003d656f0e6b06eab663ee57a5334e73f90e6b66
 content/blog/KeonWeekTwo.md | 28 ++++++++++++++++++++++++++++
 1 file changed, 28 insertions(+)

diff --git a/content/blog/KeonWeekTwo.md b/content/blog/KeonWeekTwo.md
new file mode 100644
index 0000000..4473332
--- /dev/null
+++ b/content/blog/KeonWeekTwo.md
@@ -0,0 +1,28 @@
+Title: Dataset and Experimentation Tools : Week-2 Highlights
+Date: 2016-06-05 21:00:00
+Tags: gsoc, dataset, data
+Author: Keon Kim
+
+Here are some things I've done in week 2.
+
+1) fixed [default output problem](https://github.com/mlpack/mlpack/issues/667) with [this pull request](https://github.com/mlpack/mlpack/pull/680).
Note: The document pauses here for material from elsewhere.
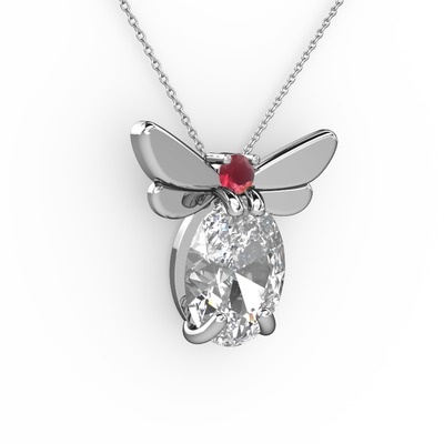 Beyaz zirkon ve kök yakut 925 ayar gümüş kolye (40 cm beyaz altın rolo zincir)

+Previously when output parameters are not specified the user, the program saved the results in a file with arbitrary name. This might delete user's data without warning.
+I changed the default outputs to required parameters.
+In some cases where output is not necessary, the program now gives warning to the user that it is not going to save the result if it is not specified, not save or overwrite existing data with default name.
+
+2) implemented [binarize](https://github.com/mlpack/mlpack/pull/666) functions, which transforms matrix values to 0 and 1 according to a given threshold.
+This can provide a easy-to-use implementation for pre-processing dataset. Previously the user had to learn how to work with armadillo matrix.
+Plus, it provides an overload which can apply binarize to selected dimensions.
+
+3) I experimented with the proof-of-concept I've done last week.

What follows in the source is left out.